For Kevin King, the destruction left behind in the Bahamas by Hurricane Dorian was “unbelievable.”

Volunteers from Team Rubicon (veteran-powered emergency response) discuss damage with a resident in Marsh Harbour, Abaco Islands, Bahamas. PHOTO courtesy MDS

“As far as one could see, everything was destroyed or damaged,” he said of his early October assessment trip to that island country. “People were traumatized.”

King visited the two northern islands, the Grand Bahamas and Abaco, that received the most damage.

He was there together with Willie Reimer, a former Mennonite Central Committee (MCC) Canada staff member from Winnipeg, to do an assessment about whether Mennonite Disaster Service (MDS) should respond to the huge needs in the Bahamas.

The visit was made under the terms of an agreement with MCC that allows MDS to take the lead in response to an international disaster requiring expertise in reconstruction and repair, if MCC decides to relinquish its lead role.

As a result of the assessment, MDS has decided to contribute donations received for Hurricane Dorian to two church-related groups working in that country.

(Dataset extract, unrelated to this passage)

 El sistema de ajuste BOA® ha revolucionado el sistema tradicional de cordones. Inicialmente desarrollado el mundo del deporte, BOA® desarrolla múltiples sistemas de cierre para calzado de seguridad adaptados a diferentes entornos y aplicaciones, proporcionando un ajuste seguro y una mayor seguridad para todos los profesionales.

A total of $60,000 U.S./$78,885 CDN will be given to Bahamas Methodist Habitat and the Salvation Army. The funds will be used for materials, training, generators, and other ways to assist with their recovery and reconstruction efforts. Additional funds could be made available in the future.

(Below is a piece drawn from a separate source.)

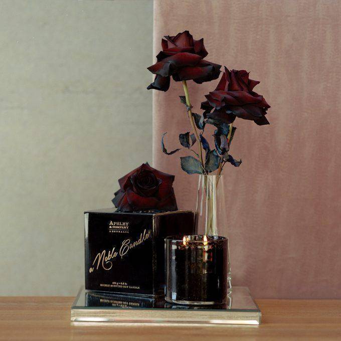 Revel in top notes of sumptuous black rose, laced with violet and grounded in musk with this ode to Turkey's ancient town of Halfeti. Encased in an artisan, mouth blown glass vessel, this evocative soy candle flaunts a truly luxurious and romantic black wax. Expect captivating aromas that boasts up to 60 hours burn time.

“It’s a very unusual situation for us,” said King, noting MDS only works in Canada, the U.S., and U.S. territories like Saipan or Puerto Rico.

As a result of the assessment, King says the best way MDS can help is by supporting local organizations in the Bahamas.

“Groups that are helping are overwhelmed,” he says. “They can use our support.”

Best of all, he adds, they have local people willing to volunteer, and they know the situation on the ground. “The best way we can be of assistance is by supporting their efforts.”

Of those who donated, King says he is grateful.

“The donations from people across North America show once again how we want to respond as Christians to those affected by natural disasters,” he says.

“Now those donations will be put to good use by partners in the Bahamas who are happy with the support from MDS supporters in the U.S. and Canada.”

The effects of 180 mph sustained wind for 2 hours. PHOTO courtesy MDS

Dorian made landfall in the Bahamas on September 1, 2020, as a category five hurricane. It was the worst storm to ever hit the island country. Damage is in the billions of dollars, and at least 65 people were killed.

MDS continues to monitor the effects of the storm in the U.S. and Canada, including on the Outer Banks of North Carolina.

Mennonite Disaster Service is a volunteer network of Anabaptist churches that responds in Christian love to those affected by disasters in Canada and the United States. While the main focus is on clean up, repair, and rebuilding homes, this service touches lives and nurtures hope, faith, and wholeness.

For generations of Mennonites and other Anabaptist groups, mutual aid has been an informal practice of expressing their faith in the day-to-day actions of caring for one another. Through spontaneous gestures of assistance, such as the well-known barn raising, the Anabaptists put their faith into action when fellow church members or neighbours faced calamity.

John Longhurst
writes for the MDS Canada office in Winnipeg.